Евангелие от Дон Кихота. Трагическое чувство жизни — страница 21 из 41

Сновиденье нашей веры в то, что клетки, кровяные шарики нашего организма имеют что-то вроде сознания или рудиментарной, клеточной, атомарной его основы, – ничуть не более абсурдно, чем те многочисленные сновидения, которые считаются теориями, имеющими право на существование. А коль скоро мы вступили на путь фантазий, можно вообразить себе, что эти клетки общаются между собой, и одна из них высказывает свою веру в то, что все они – суть части единого высшего организма, наделенного коллективным личным сознанием. Фантазия эта в истории человеческого чувства возникала не раз, когда какой-нибудь философ или поэт предполагал, что мы, люди, подобны кровяным шарикам некоего Высшего Существа, обладающего коллективным, Вселенским сознанием.

Быть может, необъятный Млечный Путь, который мы в ясные ночи видим на небе, этот гигантский сегмент, не более, чем молекулой которого является наша планетная система, есть, в свою очередь, всего лишь клетка Вселенной, Тела Бога. Все клетки нашего тела своею деятельностью способствуют поддержанию и возгоранию огня нашего сознания, нашей души; и если бы сознания, или души, всех клеток полностью проникли бы в наше сознание, которое из них слагается, имей я сознание всего, что происходит в моем телесном организме, я ощутил бы в себе целую Вселенную, и тогда, быть может, изгладилось бы мучительное ощущение моих границ. Если же все сознания всех существ собираются в одно вселенское сознание, то оно, то есть Бог, есть все.

В нас ежеминутно рождаются и умирают смутные сознания, элементарные души, и из этих их рождений и смертей складывается наша жизнь. Когда они умирают внезапно, мы испытываем боль, резкую, как от удара.

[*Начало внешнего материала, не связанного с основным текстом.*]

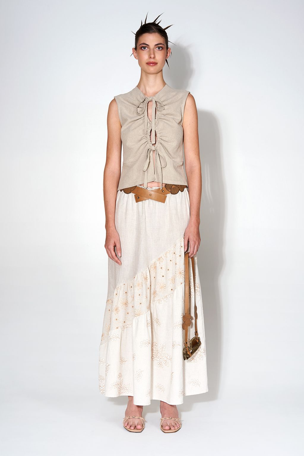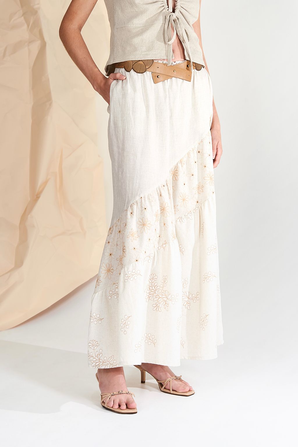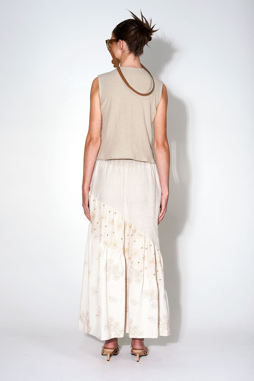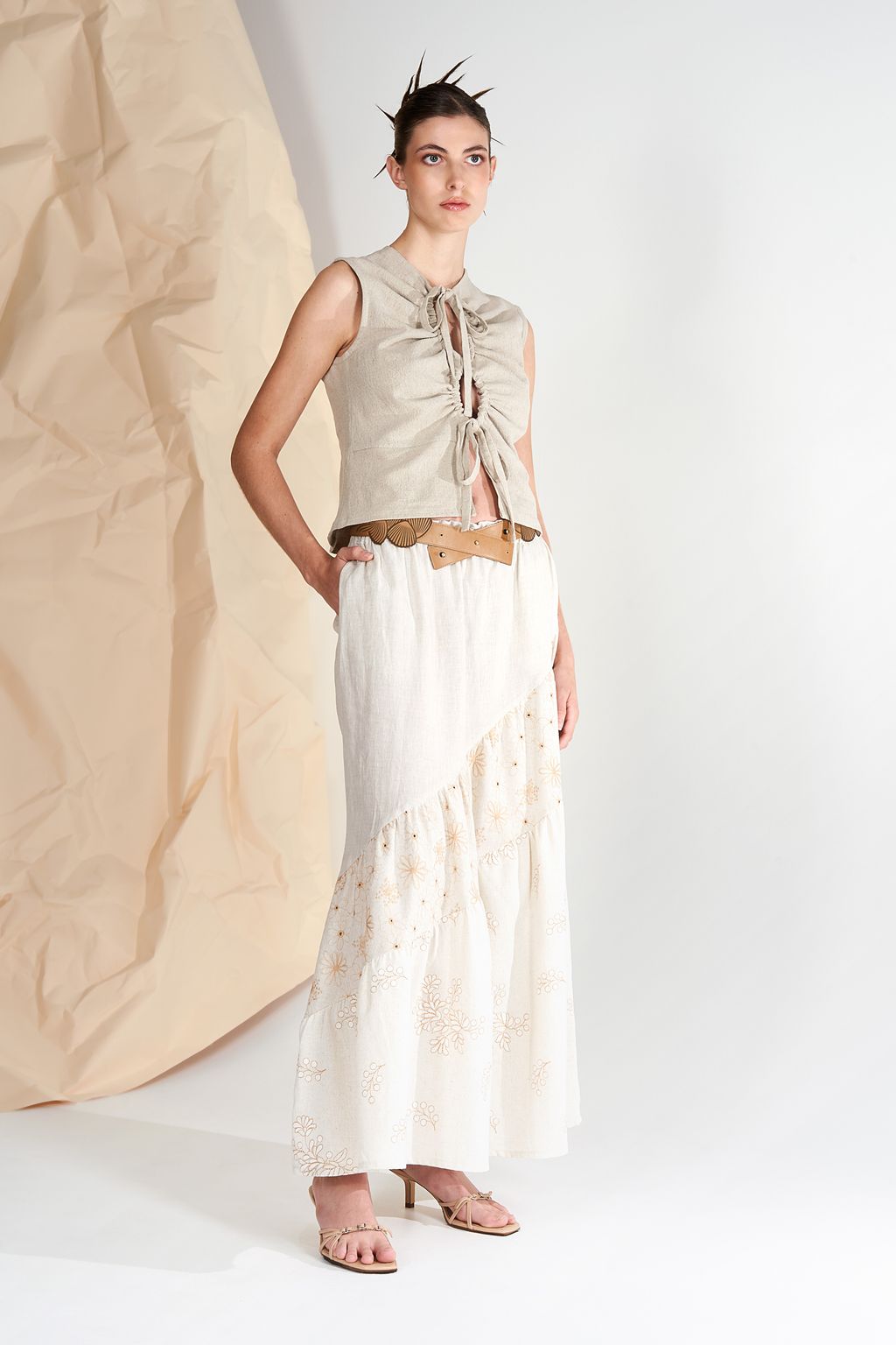 This easygoing asymmetrical summer skirt is perfect for everyday wear. You can wear it high or low waist. We recommend sizing up if you prefer to wear it low-waisted.

Вот так и в лоне Бога рождаются и умирают – неужто умирают? – сознания, своими рождениями и смертями составляя Его жизнь.

Если существует некое Всеобъемлющее и Высшее Сознание, а я – его идея, то может ли какая-нибудь идея угаснуть в нем полностью? После моей смерти Бог по-прежнему будет помнить меня, а разве, если я существую в памяти Бога, если мое личное сознание сохраняется в высшем Сознании, это не значит, что я не умираю?

И если кто-то скажет, что Бог создал Вселенную, то на это можно возразить, что точно так же и душа наша создала наше тело, тем более что была создана Богом. Если, конечно, душа существует. Сострадание, любовь, открывает нам целую Вселенную, живущую в борьбе за обретение, сохранение и приумножение сознания, за то, чтобы с каждым разом быть все больше и больше сознанием, Вселенную, испытывающую боль от возникающих у нее внутри разногласий, и тогда сострадание открывает нам, что вся Вселенная подобна нам, что она – человеческая Вселенная, и заставляет нас признать в ней своего Отца, плотью от плоти которого мы являемся: любовь заставляет нас персонализировать то целое, частью которого мы являемся.

В сущности, сказать, что Бог вечно творит вещи, это все равно, что сказать, что вещи вечно творят Бога. И вера в личного и духовного Бога основывается на вере в нашу собственную личность и духовность. Ибо мы чувствуем в себе сознание, и мы чувствуем сознание, то есть личность, в Боге, а так как мы страстно желаем, чтобы наше сознание могло жить и быть независимым от тела, мы верим, что божественная Личность живет и является независимой от Вселенной, которая является состоянием ее сознания ad extra.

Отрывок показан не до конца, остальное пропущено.